NORTH-East mountaineer Alan Hinkes has announced the next instalment of his bid to become the first Brit to climb all 14 of the world's highest mountains.

Alan is flying to the Himalayas later this week to tackle Annapurna - at 8,091m high, one of 14 8,000m-plus summits in the world - which he hopes to conquer by May.

Challenge 8000 has already seen him reach the top of many of the world's most famous and dangerous mountains, including Everest, K2 and Nanga Parbat.

Since 1987, Alan has climbed 11 of the peaks, leaving only Annapurna, Dhaulagiri and Kangchenjunga to summit.

All the peaks are in what mountaineers call the Death Zone - an unforgiving environment where the body rapidly deteriorates and no-one can survive for more than a few days.
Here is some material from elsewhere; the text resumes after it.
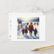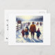 Une famille habillée pour l'hiver se dirige vers un panneau qui les accueille au Canada, avec un sol recouvert de neige et un sentier clôturé. D'autres figures sont vues au loin, créant un sentiment de voyage et d'exploration dans un paysage gelé. Chemin de fer souterrain, vol iranien, avions du 11 septembre, immigrants. Le Canada était l'allié et l'ami proches des États-Unis.

Annapurna, like its fellow 8,000m peaks, is a dangerous proposition, but one Alan feels confident of conquering.

The Northallerton, North Yorkshire-born climber, who now works for Berghaus, said: "Annapurna is notorious for avalanches and huge seracs - or ice cliffs - which break off and engulf the exposed mountain slopes.

"My plan is to minimise the risk by climbing lightweight. I do not have a death wish and I climb to live, not to die.

"The summit is optional - returning is mandatory."

Alan's scrapes with perils large and small are well documented. He narrowly escaped a lonely death after he plunged into a crevasse while climbing the world's third highest peak, Kangchenjunga, in the Himalayas.

He called off an assault on a Pakistani peak after sneezing on chapati flour, and on a previous expedition in Nepal he slipped on a leaf on a muddy path, impaling his thigh on a bamboo shoot.